YOUR OBJECTIVE: Go to the line containing "vs 탬파베이 레이스" in the records below and print it and every following line exactly, on through the line containing "Luo pieni puutarhaparatiisi", then stop.
DATA LISTING section start
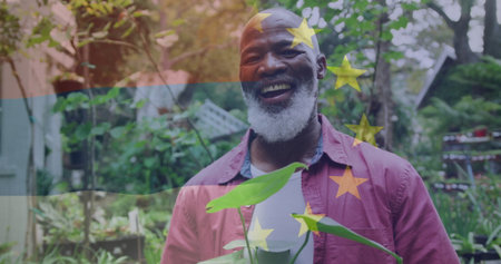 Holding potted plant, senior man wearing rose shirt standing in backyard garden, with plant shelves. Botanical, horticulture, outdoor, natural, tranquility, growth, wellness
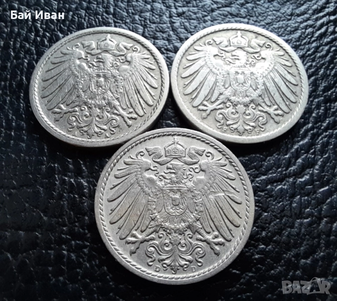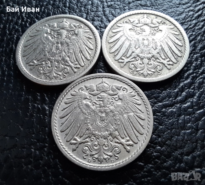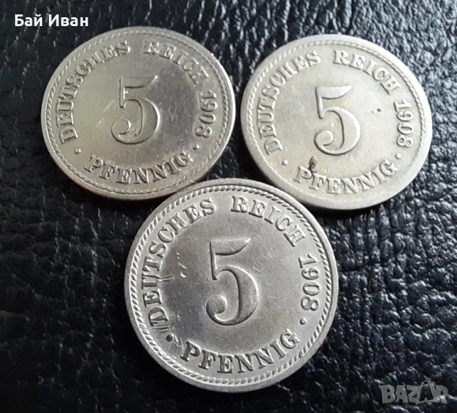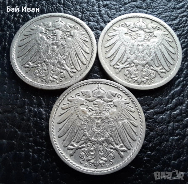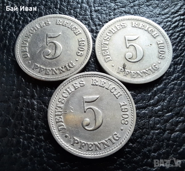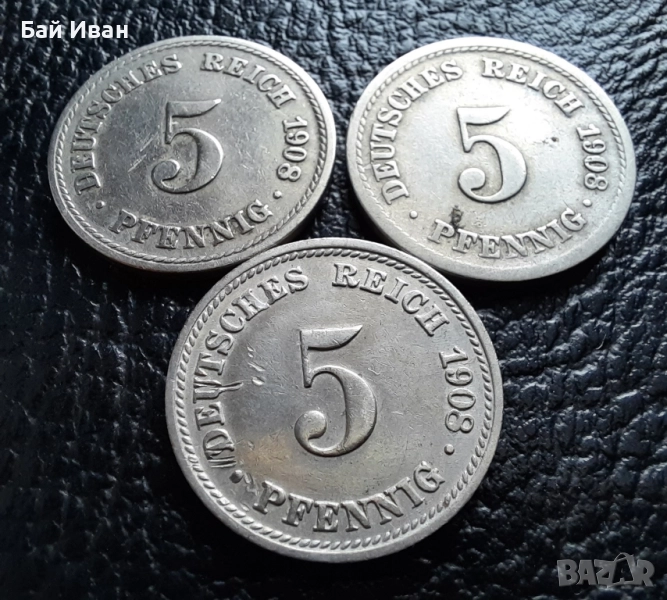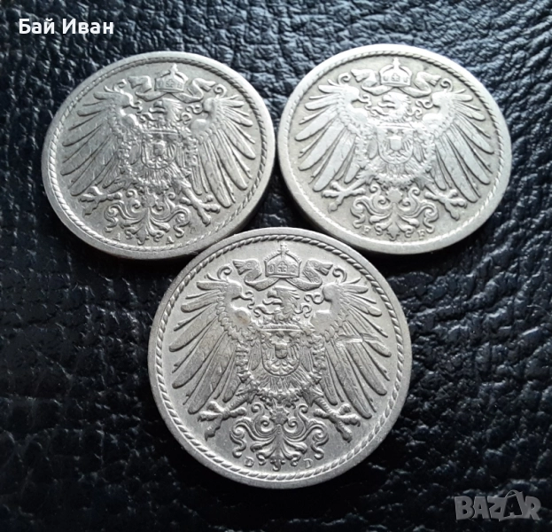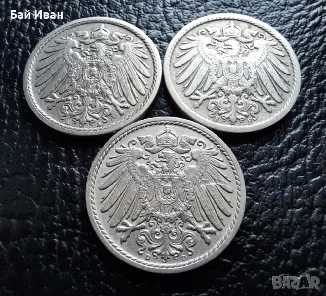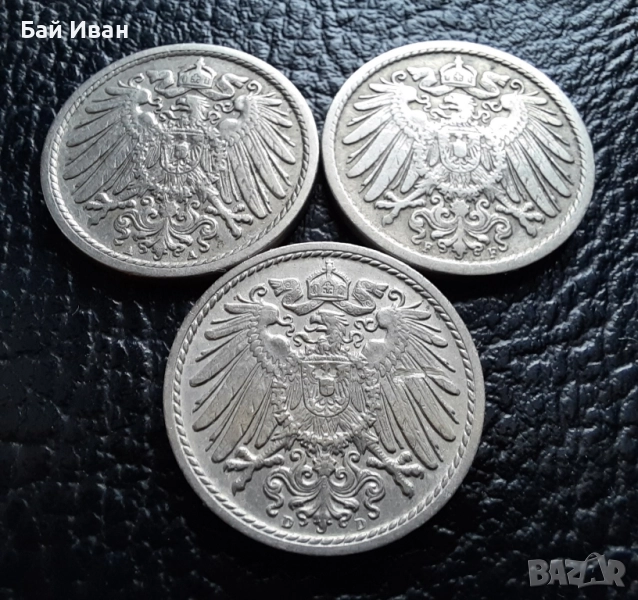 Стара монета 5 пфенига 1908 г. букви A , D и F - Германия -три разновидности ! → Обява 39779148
DATA LISTING section end
DATA LISTING section start
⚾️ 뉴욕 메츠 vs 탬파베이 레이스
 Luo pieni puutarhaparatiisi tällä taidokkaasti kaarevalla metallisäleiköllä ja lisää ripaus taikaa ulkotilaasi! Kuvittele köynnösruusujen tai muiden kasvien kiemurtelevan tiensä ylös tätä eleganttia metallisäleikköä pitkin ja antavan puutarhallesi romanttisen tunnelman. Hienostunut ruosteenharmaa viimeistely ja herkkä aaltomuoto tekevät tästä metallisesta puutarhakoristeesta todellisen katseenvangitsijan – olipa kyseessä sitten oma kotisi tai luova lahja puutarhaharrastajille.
DATA LISTING section end
PROBLEM SOLUTION:
⚾️ 뉴욕 메츠 vs 탬파베이 레이스
 Luo pieni puutarhaparatiisi tällä taidokkaasti kaarevalla metallisäleiköllä ja lisää ripaus taikaa ulkotilaasi! Kuvittele köynnösruusujen tai muiden kasvien kiemurtelevan tiensä ylös tätä eleganttia metallisäleikköä pitkin ja antavan puutarhallesi romanttisen tunnelman. Hienostunut ruosteenharmaa viimeistely ja herkkä aaltomuoto tekevät tästä metallisesta puutarhakoristeesta todellisen katseenvangitsijan – olipa kyseessä sitten oma kotisi tai luova lahja puutarhaharrastajille.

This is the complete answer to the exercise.